Dampak Dari Kepuasan Dan Ketidakpuasan Kerja
 Dampak Terhadap Produktivitas

        Terdapat pandangan bahwa kepuasan kerja merupakan akibat, bukan sebab dari produktivitas. Lawler dan Porter (dalam Munandar, 2001) menjelaskan bahwa produktivitas yang tinggi menyebabkan peningkatan kepuasan kerja hanya jika tenaga kerja mempersepsikan bahwa ganjaran intrinsic (misalnya perasaan telah mencapai sesuatu) dan ganjaran ekstrinsik (misalnya gaji) yang diterima secara adil dan wajar diasosiasikan sebagai unjuk kerja yang unggul. Sebaliknya, jika tenaga kerja tidak mempersepsikan ganjaran instrinsik dan ekstrinsik berasosiasi terhadap unjuk kerja, maka kenaikan dalam unjuk kerja tidak akan berhubungan dengan kenaikan dalam kepuasan kerja (dalam Munandar, 2001)
Dampak Terhadap Kehadiran (Absenteisme) Dan Keluarnya Tenaga Kerja (Turnover)

            Porter dan Steers (dalam Munandar, 2008) menyimpulkan bahwa ketidakhadiran dan berhenti bekerja merupakan jawaban yang berbeda secara kualitatif, ketidakhadiran bersifat lebih spontan dan tidak mencerminkan ketidakpuasan kerja, sebaliknya berhenti atau keluar dari pekerjaan mempunyai akibat ekonomis yang besar, maka lebih besar kemungkinannya memiliki hubungan terhadap ketidakpuasan kerja.

      Menurut Robbins (dalam Munandar, 2001) ketidakpuasan tenaga kerja dapat diungkapkan dengan empat cara.

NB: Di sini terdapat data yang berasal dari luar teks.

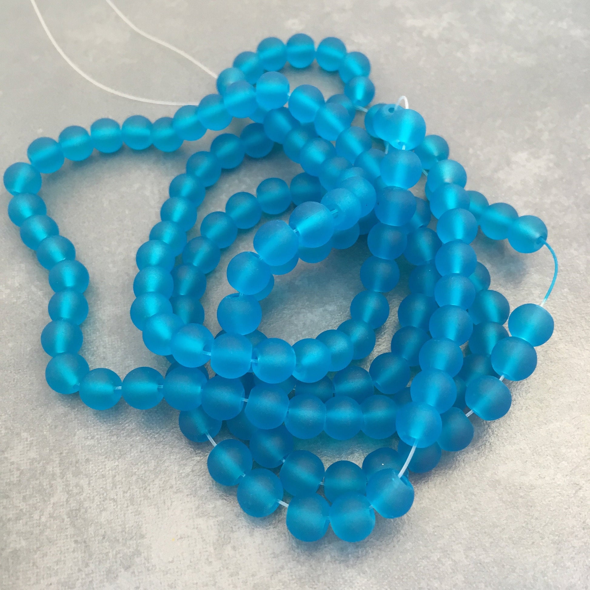 Blue Frosted Glass Beads 6mm Round DIY Bracelet Necklace Bead 135 Piece Strand
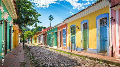 Naklejka premium Colorful colonial buildings in a historic district with cobbled streets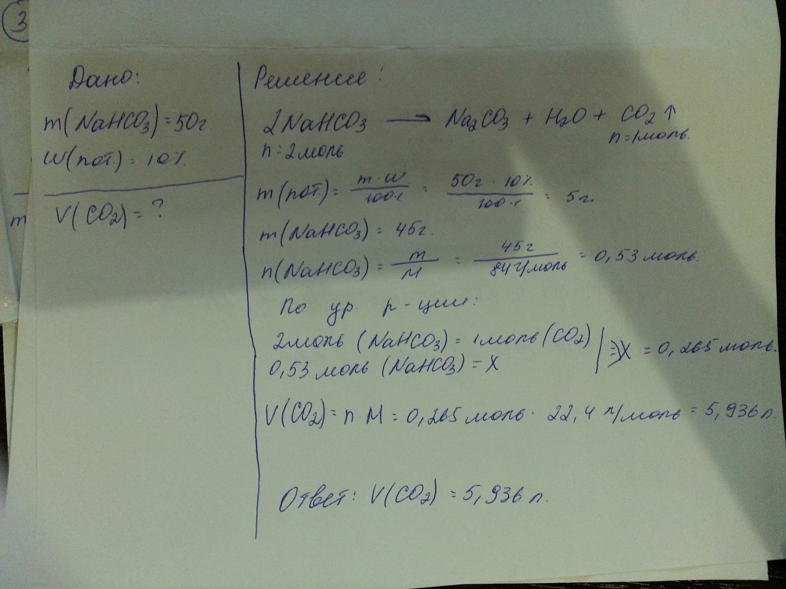 2.Пищевая сода используется как разрыхлитель теста.Какой объём углекислого газа можно получить при прокаливании 50 г пищевой соды, если потери составляют 10 %?
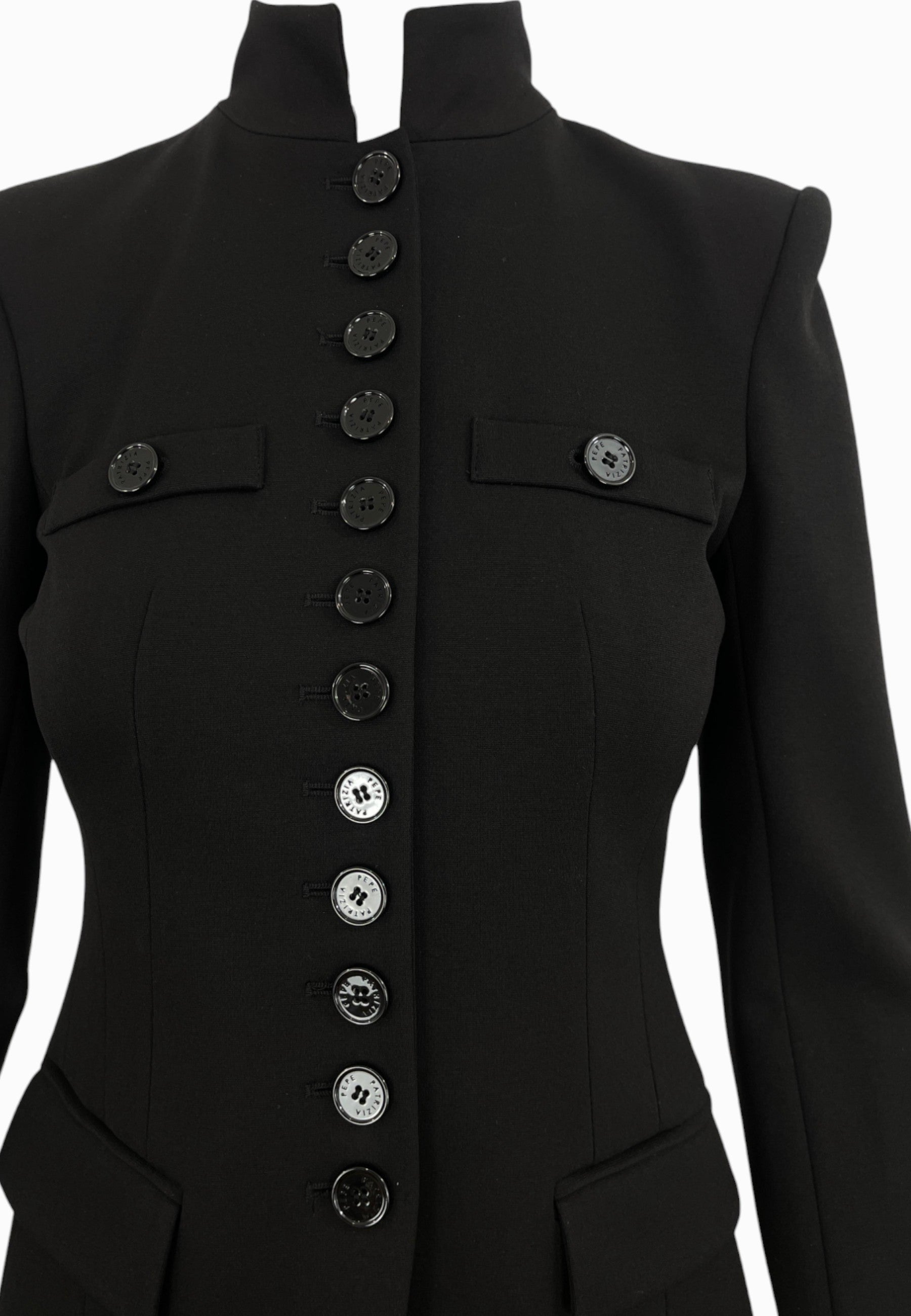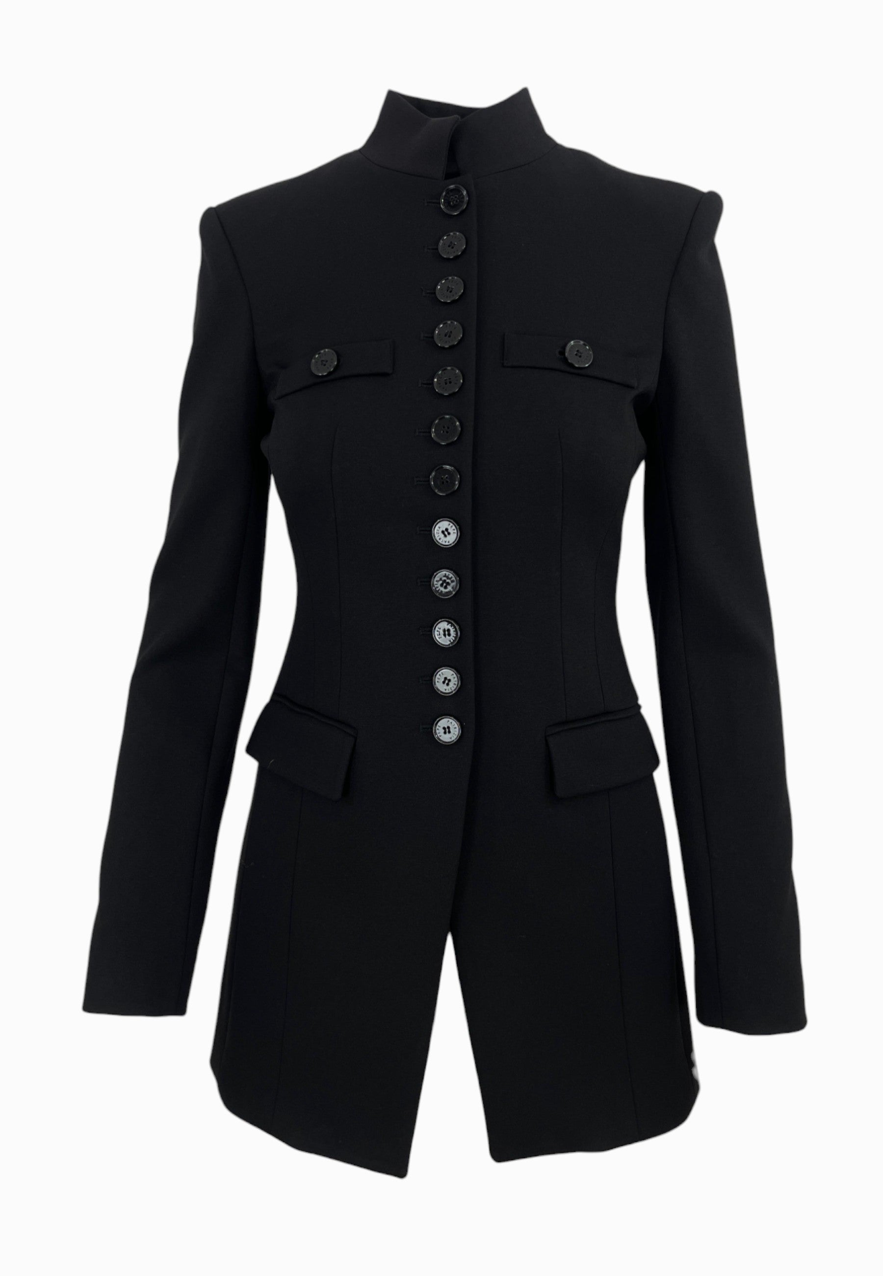 • GIACCA MONOPETTO CON CHIUSURA A BOTTONI, COLLETTO ALTO, QUATTRO TASCHE E PLACCHETTA LOGATA SUL RETRO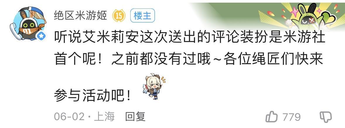 米游社设有帖子评论功能,玩家们可以通过参与征稿活动时,可以绑定对应游戏角色 [11];同时,玩家们可以把评论区图片添加为自定义表情包, [12]表情包的翻页方式优化成了上下滑动 [14]。并且评论区中设有不同的UI模组,装扮功能 [13]。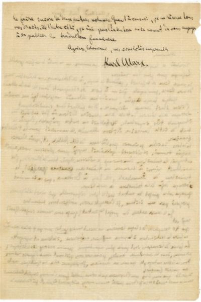 马克思写给《资本论》法文版出版人莫里斯·拉沙特尔的信的手迹。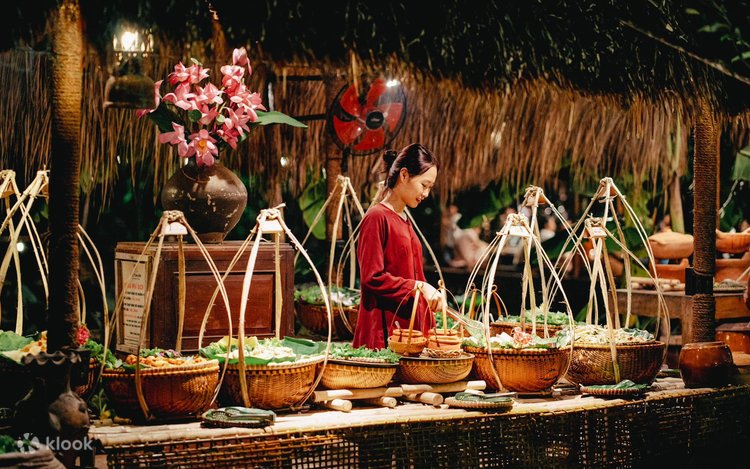 Buffet Quê Xưa-Nha Trang Xưa is an ideal place to enjoy traditional Vietnamese cuisine in a cozy and rustic setting. Located in the heart of Nha Trang city, the restaurant stands out with its design inspired by the Northern countryside, featuring thatched roofs, bamboo accents, and simple wooden furniture that create a warm and familiar atmosphere.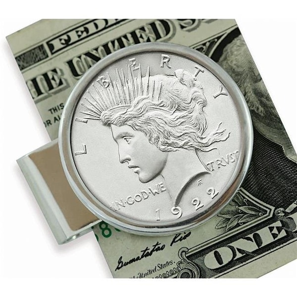 The Peace Silver Dollar was the last United States silver dollar struck for circulation. The head profile of the goddess of liberty is featured on the obverse while a perched bald eagle is on the reverse. The silver dollar coin was minted from 1921 to 1928 and again in 1934 and 1935. It was designed by Anthony de Francisci who based the design of Liberty on the features of his wife, Terese. Secure your bills with the Sterling Silver Peace Silver Dollar Moneyclip.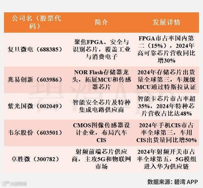 复旦微电在国内FPGA(现场可编程门阵列)领域居领先地位,2024年FPGA市占率约15%,智能卡芯片市占率超20%。其高可靠芯片在航天、金融等领域形成技术壁垒,但AI芯片领域份额不足5%,面临头部企业挤压。
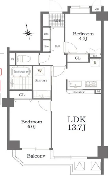 | 専有面積 | 54.83㎡(壁芯) | 建物構造 | 鉄筋コンクリート(RC) |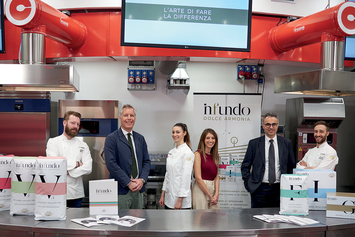 A guidarci alla scoperta delle peculiarità tecniche e aromatiche della linea Infundo ci sono i Maestri pasticceri Antonio Daloiso, Federica Russo e Giacomo Besuschio, Brand ambassador di Italia Zuccheri. «Un esempio su tutti – sottolinea Federica Russo – è il Vagliato Fine che, sciogliendosi più facilmente e velocemente di altri zuccheri, riduce i tempi di impasto e il “rischio” che si scaldi troppo. Uno zucchero, quindi, ideale per prodotti a lunga lievitazione come il panettone, la cui temperatura di impasto non deve superare i 27°C ». Pratico e versatile, Vagliato Fine Infundo è ideale per molte altre preparazioni. «Ottimo per la frolla – prosegue Federica Russo –: essendo più solubile, la rende più friabile, originando un impasto più omogeneo. Non da ultimo, il Vagliato Fine è perfetto nelle creme, poiché evita la formazione di grumi nella miscelazione e, in fase di cottura, accorcia i tempi di lavorazione».

  1.    Keluar (exit) merupakan ketidakpuasan kerja yang diungkapkan dengan meninggalkan pekerjaan yaitu, mencari pekerjaan lain. 
  2.     Menyuarakan (voice) merupakan ketidakpuasan yang diungkapkan melalui usaha aktif dan konstruktif untuk memperbaiki kondisi seperti, memberikan saran perbaikan, mendiskusikan masalah dengan atasannya. 
  3.      Mengabaikan (Neglect) merupakan ketidakpuasan yang diungkapkan melalui sikap membiarkan keadaan menjadi lebih buruk, seperti terlambat. 
  4.      Kesetiaan (loyality) merupakan ketidakpuasan yang diungkapkan dengan menunggu secara pasif sampai kondisinya menjadi lebih baik.
                                                                                           

Dampak Terhadap Kesehatan
        Terdapat bukti bahwa kepuasan kerja berhubungan dengan kesehatan fisik dan mental. Tingkat dari kepuasan kerja berhubungan dengan kesehatan, sehingga penngkatan dari yag satu dapat meningkatkan yang lain dan sebaliknya penurunan yang atu mempunyai akibat yang negative juga pada yang lain (dalam Munandar, 2001).